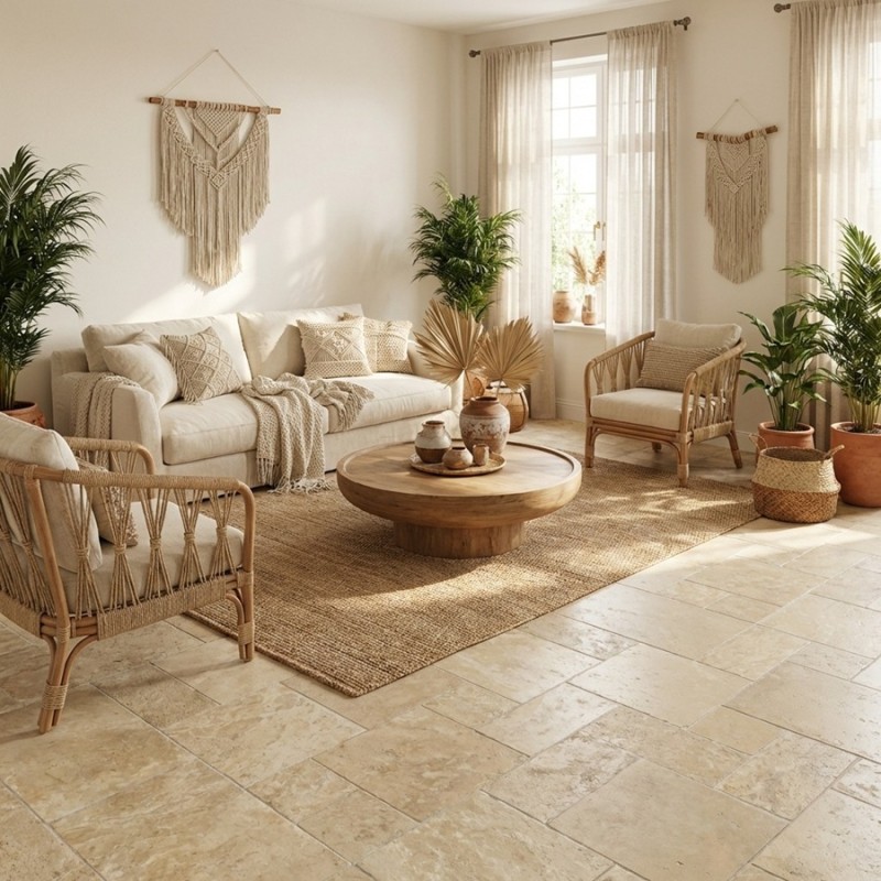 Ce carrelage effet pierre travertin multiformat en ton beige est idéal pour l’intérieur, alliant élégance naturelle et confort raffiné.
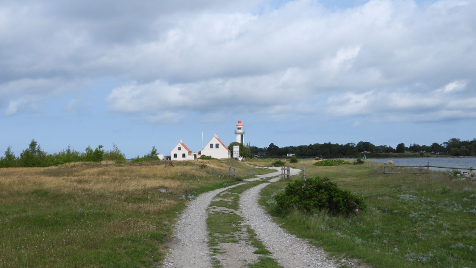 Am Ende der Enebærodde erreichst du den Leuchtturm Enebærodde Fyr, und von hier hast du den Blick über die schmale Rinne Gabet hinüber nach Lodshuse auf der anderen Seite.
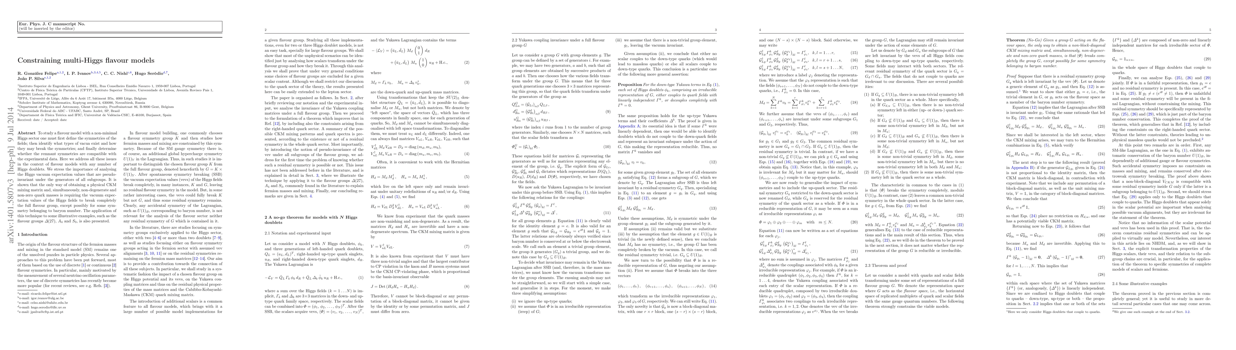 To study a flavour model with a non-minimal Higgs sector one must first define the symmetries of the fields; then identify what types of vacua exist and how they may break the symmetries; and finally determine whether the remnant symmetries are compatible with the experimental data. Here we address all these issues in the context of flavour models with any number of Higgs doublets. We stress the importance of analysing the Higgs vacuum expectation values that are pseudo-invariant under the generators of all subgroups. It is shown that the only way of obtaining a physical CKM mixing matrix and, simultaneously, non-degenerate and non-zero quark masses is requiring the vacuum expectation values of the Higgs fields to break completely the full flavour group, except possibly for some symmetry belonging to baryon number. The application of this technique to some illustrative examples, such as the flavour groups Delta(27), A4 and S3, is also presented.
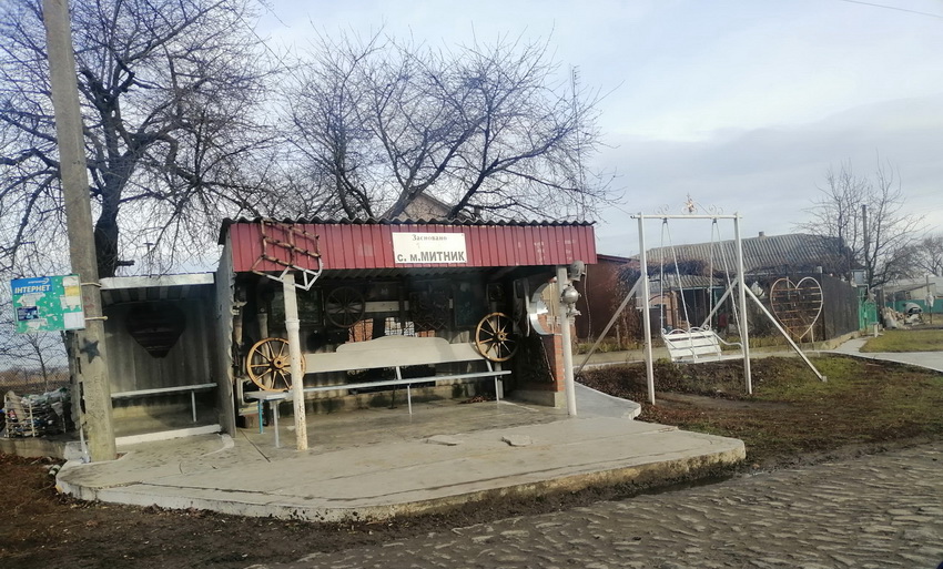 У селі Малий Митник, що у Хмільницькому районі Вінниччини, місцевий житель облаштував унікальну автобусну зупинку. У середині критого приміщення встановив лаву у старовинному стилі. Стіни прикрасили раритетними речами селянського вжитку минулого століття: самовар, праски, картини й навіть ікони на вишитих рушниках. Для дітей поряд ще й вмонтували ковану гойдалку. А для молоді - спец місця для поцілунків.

+++

Problem to solve » Give the material again exactly as it is, but keep the pictures out.

Written solution »
 Ce carrelage effet pierre travertin multiformat en ton beige est idéal pour l’intérieur, alliant élégance naturelle et confort raffiné.
 Am Ende der Enebærodde erreichst du den Leuchtturm Enebærodde Fyr, und von hier hast du den Blick über die schmale Rinne Gabet hinüber nach Lodshuse auf der anderen Seite.
 To study a flavour model with a non-minimal Higgs sector one must first define the symmetries of the fields; then identify what types of vacua exist and how they may break the symmetries; and finally determine whether the remnant symmetries are compatible with the experimental data. Here we address all these issues in the context of flavour models with any number of Higgs doublets. We stress the importance of analysing the Higgs vacuum expectation values that are pseudo-invariant under the generators of all subgroups. It is shown that the only way of obtaining a physical CKM mixing matrix and, simultaneously, non-degenerate and non-zero quark masses is requiring the vacuum expectation values of the Higgs fields to break completely the full flavour group, except possibly for some symmetry belonging to baryon number. The application of this technique to some illustrative examples, such as the flavour groups Delta(27), A4 and S3, is also presented.
 У селі Малий Митник, що у Хмільницькому районі Вінниччини, місцевий житель облаштував унікальну автобусну зупинку. У середині критого приміщення встановив лаву у старовинному стилі. Стіни прикрасили раритетними речами селянського вжитку минулого століття: самовар, праски, картини й навіть ікони на вишитих рушниках. Для дітей поряд ще й вмонтували ковану гойдалку. А для молоді - спец місця для поцілунків.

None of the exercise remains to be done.